What I realized is that to get a subjective sense of what was really happening in real time, I had to buy into the idea that "motion detection will fail me" and I had to make an explicit list of features of "where the scene started" and "what the designers of the scene's shift planned to happen over the course of the shift" and keep both concepts in mind actively during all perceptual acts.

Then, moment to moment, I could flick my attention around to extract, with each saccade of my eyes, a momentary impression like:

  1. "the dithering flickered and the cup on the edge of coffee table is 10% of the way from white to black (which is part of the plan)"...
  2. "the dithering flicked and the exercise ball is 20% disappeared (which is part of the plan)"...
  3. "more flickering and now the candle/bowl on the coffee table is 30% shapeshifted (which is part of the plan)"...
  4. "the portraits on the shelves are 40% moved from low to high (which is part of the plan)"... and so on.

Like here's "the untidy couch object at a fade of ~60% white, ~40% blue" which can be seen and fitted into the expectation of the overall shift that is being consciously perpetrated against your perceptual systems by the stimuli designers:

In the frames before and after it is slightly more or less faded and your visual motion detectors will never see it POP(!) with a feeling of "its like a frog jumped, or a cat's tail writhed, or a bird flew by".

It will always just seem like a locally invalid way for things to be, because it isn't something your inner mental physics simulator could ever generate as a thing that physics does... but also over time the video effect will have one plausible thing slowly be more and more ghostly until it is gone. From valid, to invalid but seemingly static, to valid again.

I think it was critical for this effect that the whole video was 53 seconds long. Auditory working memory is often about 4 seconds long, and I bet video working memory is similar.

The critical thing to make these kinds of "change-blindness mechanism proving stimuli" is probably to make the change "feel invisible" by maintaining a simple and reasonable "invariant over time".

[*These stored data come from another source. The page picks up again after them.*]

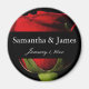 Attractive long-stemmed red rose wedding magnet personalized with your names and date.
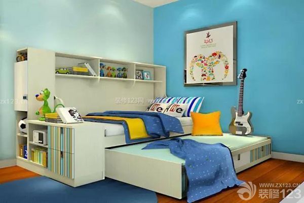 2、整個青少年房空間以黃色調為主,活潑溫馨。適合幼兒園至小學時期的小男生居住。上床下書桌搭配書柜組合的設計,不僅節省空間,且實用性強,房間雖小,卻功能齊全,收納功能強大,飄窗處的設計可以作為娛樂游玩區,適合小朋友聚會聊天。
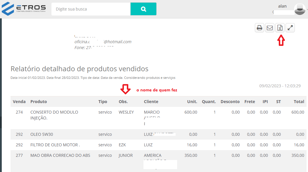 O relatório lista quem fez, mas não calcula a comissão, porem tem a possibilidade de exportar para o excel e assim poder trabalhar com estes dados.
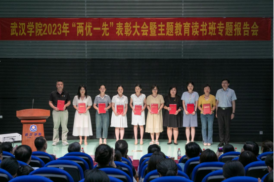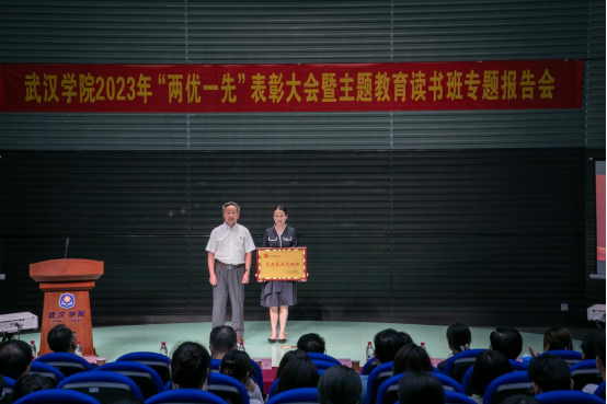 7月5日下午,我校2023年“两优一先”表彰大会暨主题教育读书班专题报告会在马化腾教学楼2104报告厅隆重举行。校领导、两委委员、中层干部、院(部)读书班成员、党支部书记、受表彰集体和个人、思政课教师、辅导员以及师生党员代表参加会议。

You would want no frame-to-frame visual deltas that are (1) easily perceptible in a side by side comparison (due to low level logarithmic sensitivity processes that science has known about since ~1860) and (2) closer than 5 seconds in time such that the brain could keep lots of detail about any two images (a before and after that are distinct) because the brain will have had more images in between (such as to cause our visual change buffer to overflow before any detector-of-change-classifier actually fires and triggers a new "temporary subjective consensus block" in the brain's overall gestalt consensus summary of "the scene").

...

So that's really interesting! I can instantly imagine ways to transpose this tactic into PR, and management, and politics, and finance, and other domains where the goal is explicitly to gain benefits from hurting people who might have naively and implicitly trusted you to not hurt them through deception.

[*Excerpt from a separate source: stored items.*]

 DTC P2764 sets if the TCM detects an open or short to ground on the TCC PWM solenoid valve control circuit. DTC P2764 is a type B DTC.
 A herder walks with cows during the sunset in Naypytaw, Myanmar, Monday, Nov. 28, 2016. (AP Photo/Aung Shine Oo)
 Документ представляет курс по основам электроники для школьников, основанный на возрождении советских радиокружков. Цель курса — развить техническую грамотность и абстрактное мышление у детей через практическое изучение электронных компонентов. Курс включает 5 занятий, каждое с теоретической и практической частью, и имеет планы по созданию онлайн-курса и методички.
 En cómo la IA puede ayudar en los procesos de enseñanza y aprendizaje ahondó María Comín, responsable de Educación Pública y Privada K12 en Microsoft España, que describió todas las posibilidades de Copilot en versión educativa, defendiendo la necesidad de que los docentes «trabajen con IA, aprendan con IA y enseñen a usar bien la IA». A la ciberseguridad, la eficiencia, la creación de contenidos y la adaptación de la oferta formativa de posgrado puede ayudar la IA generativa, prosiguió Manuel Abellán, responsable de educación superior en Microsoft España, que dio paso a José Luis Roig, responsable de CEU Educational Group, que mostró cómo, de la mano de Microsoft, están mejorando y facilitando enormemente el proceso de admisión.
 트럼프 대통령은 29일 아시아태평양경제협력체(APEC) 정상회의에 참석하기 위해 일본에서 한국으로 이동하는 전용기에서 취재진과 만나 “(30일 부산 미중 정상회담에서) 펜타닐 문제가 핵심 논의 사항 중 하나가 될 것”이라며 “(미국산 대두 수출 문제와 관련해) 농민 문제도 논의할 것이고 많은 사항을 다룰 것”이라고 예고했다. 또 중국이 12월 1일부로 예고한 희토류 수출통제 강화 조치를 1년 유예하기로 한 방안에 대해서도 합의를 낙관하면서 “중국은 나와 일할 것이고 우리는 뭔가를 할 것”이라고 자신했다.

I bet it will also help with the design of wildly more effective slow missiles.

...

Humans are so fucked. The future is probably going to feel like Blindsight unless our AI overlords love us and want our subjective reality to make sense despite our limitations. "Daily experience as an empathically designed UI for the disabled"?

...

Defensively speaking, (like if there even is any possible defense and we're not just totally doomed) maybe the key principle for the design of systems of defense against the likely attacks would involve archiving obsessively and running offline change detectors on exponentially larger timescales?

It reminds me a bit of Dune "shield fighting": slow on the offense, fast on the defense... but for sense-making?

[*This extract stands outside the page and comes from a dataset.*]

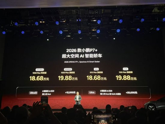 新浪科技讯1月8日下午消息,2026小鹏全球新品发布会举行。会上,2026款小鹏P7+发布,超级增程1550Max科技版售价18.68万元,1550Max旗舰版售价19.88万元。

I've been thinking about something similar, and might write a longer post about it. However, the solution to both is to anneal on your beliefs. Rather than looking at the direct probabilities, look at the logits. You can then raise the temperature, let the population kind of randomize their beliefs, and cool it back down.

See "Solving Multiobjective Game in Multiconflict Situation Based on Adaptive Differential Evolution Algorithm with Simulated Annealing" by Li et. al.